Boekrecensie: Showcasing science. A history of Teylers Museum in the nineteenth century

Martin P. Weiss

Amsterdam: Amsterdam University Press, 2019. 368 p.
ISBN 978 94 6298 224 6
€105,-

Het oudste museum van Nederland, Teylers Museum in Haarlem uit 1784, biedt tegenwoordig een levendige aanblik: een schitterend gerestaureerde achttiende-eeuwse ‘Ovalen Zaal’, een samenstelsel van gebouwen uit verschillende stadia van de negentiende eeuw –alle met authentieke collecties – en daar omheen transparante, respectvolle nieuwbouw uit de jaren 1990 met moderne publieksvoorzieningen en kleine, maar zorgvuldig samengestelde wisseltentoonstellingen die de soms meer dan 200 jaar aanwezige collectiestukken extra reliëf geven.

In de jaren 50, 60 en (grotendeels) 70 van de vorige eeuw ademde het museum een andere sfeer. Menig Haarlems kind (zoals ondergetekende) heeft het toen wel eens met z’n ouders bezocht op een regenachtige zondagmiddag. Het was er stil en wat somber, gevuld met rijen geheimzinnige skeletten en stenen en onbegrijpelijke instrumenten; hoogtepunt was het verduisterde kabinetje met lichtgevende stenen. Er was geen elektrische verlichting, dus op zo’n regenachtige middag moest je weer vroeg weg, want de openingstijden waren aan de daglichtvoorziening aangepast. In de twee grote schilderijenzalen was al om een uur of drie, vier niet veel meer te onderscheiden.

Dat was ook niet zo’n bezwaar: de waardering voor negentiende-eeuwse schilderkunst bevond zich toen op een dieptepunt. De slechte financiële situatie waarin de stichting die het museum beheerde zich bevond verhinderde moderniseringen en reorganisaties, wat toen het publiek weghield maar voor de huidige museumbezoeker een geluk is. Toen in 1982 Teylers Museum een nationale status verwierf en van overheidswege financiële ondersteuning kreeg, was inmiddels het denken over (het bewaren van) musea en collecties veranderd en kreeg het museum erkenning als een uniek ‘gemusealiseerd museum’.

Maar vóór die tijd had Teylers Museum dus een periode van noodgedwongen stabiliteit gekend. Die periode was eigenlijk al begonnen in 1928, toen directeur –conservator Hendrik Lorentz overleed, of eigenlijk nog daarvóór, toen door de Eerste Wereldoorlog en het verlies van Russische aandelen door de Oktoberevolutie, Teylers’ geldmiddelen drastisch waren ingekrompen. Over de geschiedenis van het museum tot 1928 handelt het boek van Martin Weiss, een bewerking van zijn proefschrift uit 2013.

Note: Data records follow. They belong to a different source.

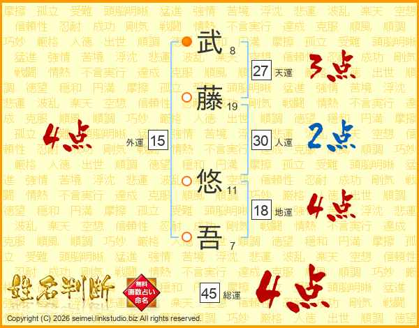 武(8画)藤(19画) 悠(11画)吾(7画)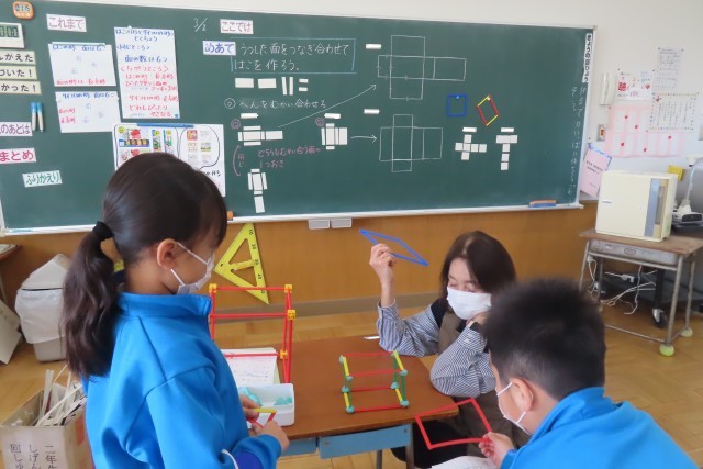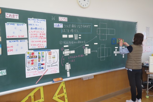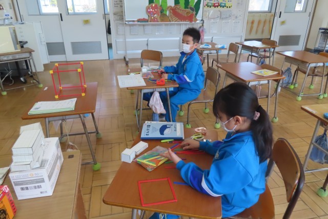 「はこの形」の学習です。今日はうつした面をつなぎ合わせて箱を作っていました。「ここでは」さいころや箱の形について、面、辺、頂点などの点に着目して、その特徴を考えることができるようになります。実際に作ってみる活動に悪戦苦闘していましたが、その都度落ち着いて先生と一緒に確認していました。面はいくつ?頂点はいくつ?辺の数は?こうやって学習を進めていきながら、立体図形の見方を段々と身に付けていくのですね。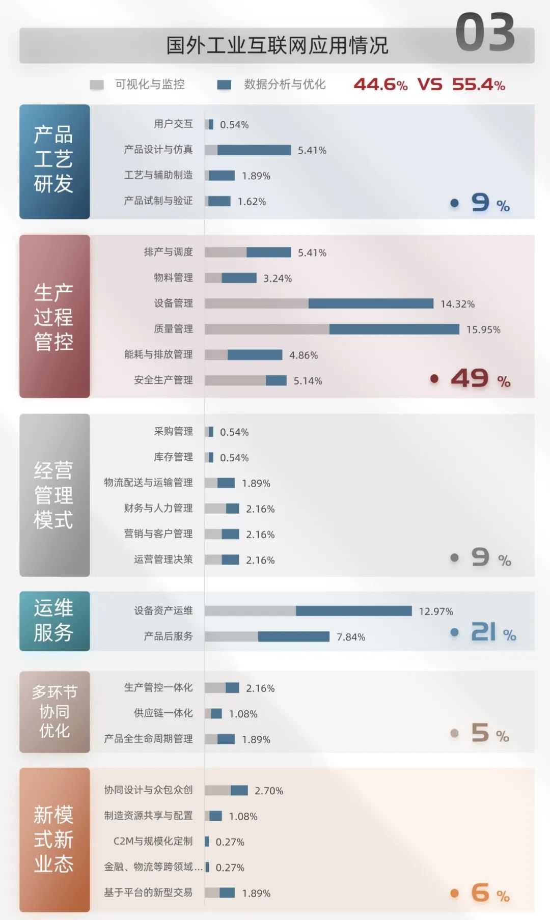 总体来看,工业互联网应用以业务经营优化与资产管理服务为核心,向多维度渗透发展:
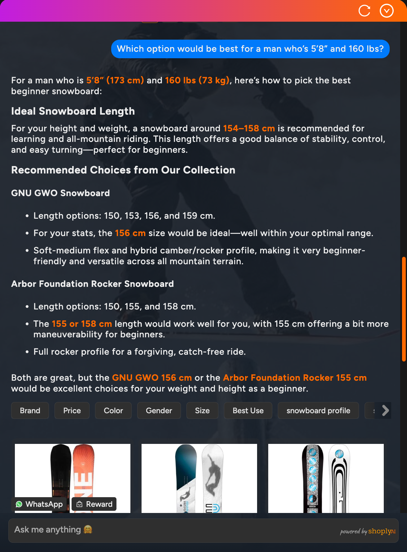 5. Customer can ask: “Which option would be best for a man who’s 5’8” and 160 lbs?”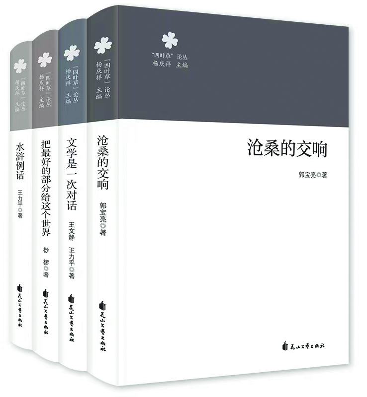 《“四叶草”论丛》由王力平《水浒例话》,郭宝亮《沧桑的交响》,桫椤《把最好的部分给这个世界》,王文静、王力平《文学是一次对话》4部著作组成。这4部著作的评论对象不尽相同,但都聚焦文学经典与文学传统,关注创作现场与文坛生态,以新鲜活泼的话语方式,呈现文学世界的斑斓图景。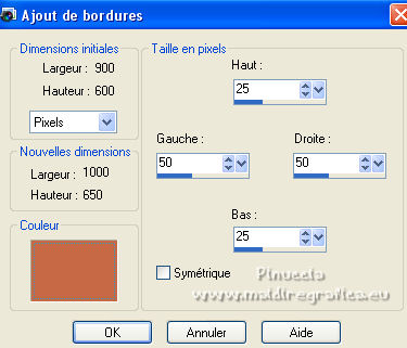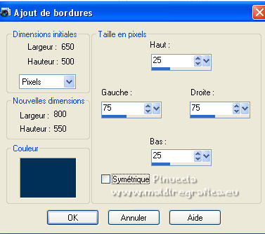 Image>Ajouter des bordures, symétrique décoché, couleur d'arrière plan.
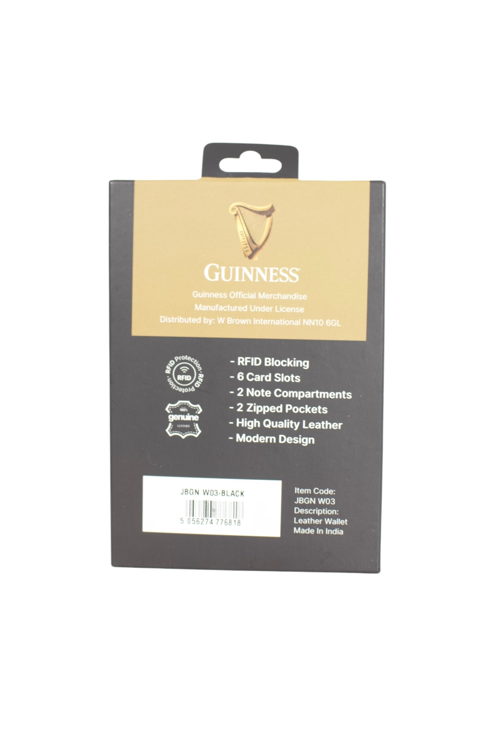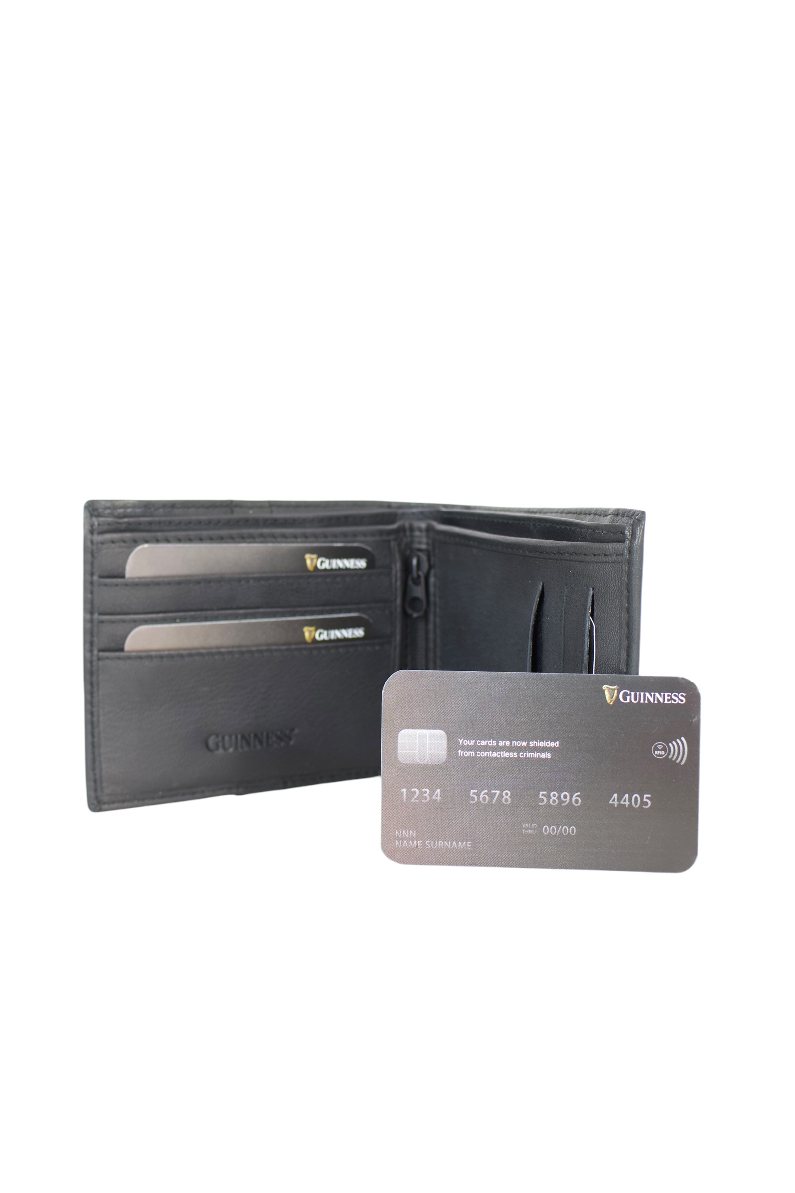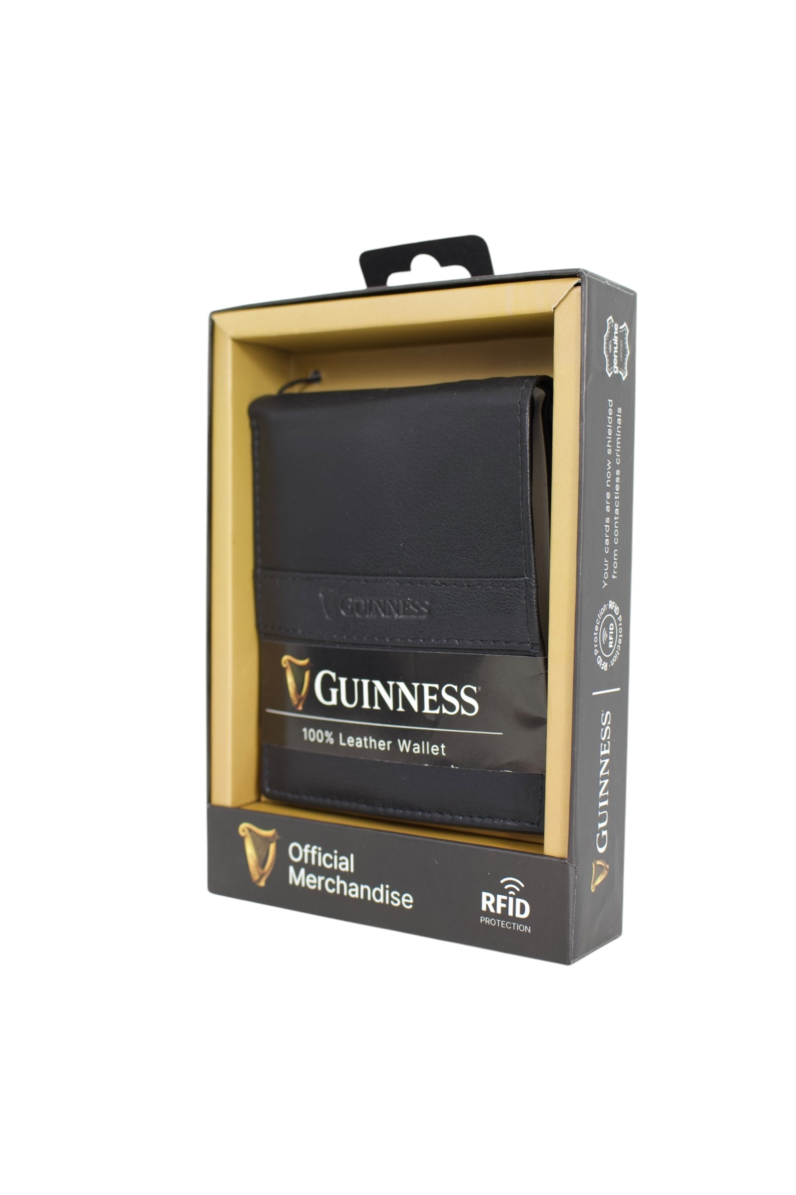 Moderni Guinness novčanik predstavlja spoj vrhunskog zanatskog umeća i visokokvalitetne prirodne kože, pružajući prepoznatljiv estetski identitet i izuzetnu dugotrajnost. Unutrašnjost je pametno organizovana kroz dva prostrana odeljka za novčanice, šest pregrada za kartice i dva namenska džepa sa patent zatvaračem za maksimalnu sigurnost sitnica. Bezbednost digitalnih podataka osigurana je integrisanom RFID zaštitom, dok savremena linija dizajna i suptilni reljefni detalji čine ovaj model idealnim aksesoarom za svaku priliku. Dolazi u luksuznom pakovanju Guinness Official Merchandise linije, što dodatno naglašava ekskluzivnost i kvalitet ovog autentičnog kožnog proizvoda.

De groeiende belangstelling voor collectiegeschiedenis had al tot een aantal gedegen publicaties over Teylers Museum geleid, onder andere ter gelegenheid van het tweede eeuwfeest van de instelling (‘Teyler’ 1778-1978, 1978) en in 2006, toen het 250 jaar geleden was dat Pieter Teyler van der Hulst het testament ondertekende waaruit dit alles is voortgekomen (De idealen van Pieter Teyler. Een erfenis uit de verlichting, 2006). Daaruit was al bekend, dat Pieter Teyler totaal geen museum voor ogen heeft gehad als bestemming voor zijn vermogen – daar zou in 1756 ook nog niemand aan gedacht hebben – maar een studie- en collectiecentrum, in zijn eigen woonhuis, voor twee op te richten geleerde genootschappen die door een Stichting met vijf regenten of ‘Directeuren’ bestuurd werden. Weiss knoopt daar bij aan, en laat zien hoe stap voor stap dit concept verschoof.

Na de dood van Pieter Teyler in 1778 werden de genootschappen opgericht, één voor Godgeleerdheid en één voor Kunsten en Wetenschappen. Deze bestaan nog steeds. In het laatste, zogeheten Tweede Genootschap, had ook arts en natuurwetenschapper Martinus van Marum zitting als lid. Hij zou daar een dominante positie krijgen. Toen in 1784 achter het huis van Teyler de Ovale Zaal gereedkwam, oorspronkelijk bedoeld als ‘boekzaal’ voor de bibliotheekcollectie van de Stichting, was hij het die de Directeuren overtuigde om hiervoor ook een collectie fossielen en mineralen aan te kopen. Vervolgens kreeg hij voor elkaar dat er een verzameling werd aangelegd van natuurwetenschappelijke instrumenten, waarmee demonstraties voor een publiek gegeven konden worden (en waarmee hij zelf onderzoek kon doen!). In 1784 werd Van Marum benoemd als ‘Directeur’, belast met het toezicht op de wetenschappelijke collecties, naast een ‘kastelein’ als conservator van de collectie prenten en tekeningen.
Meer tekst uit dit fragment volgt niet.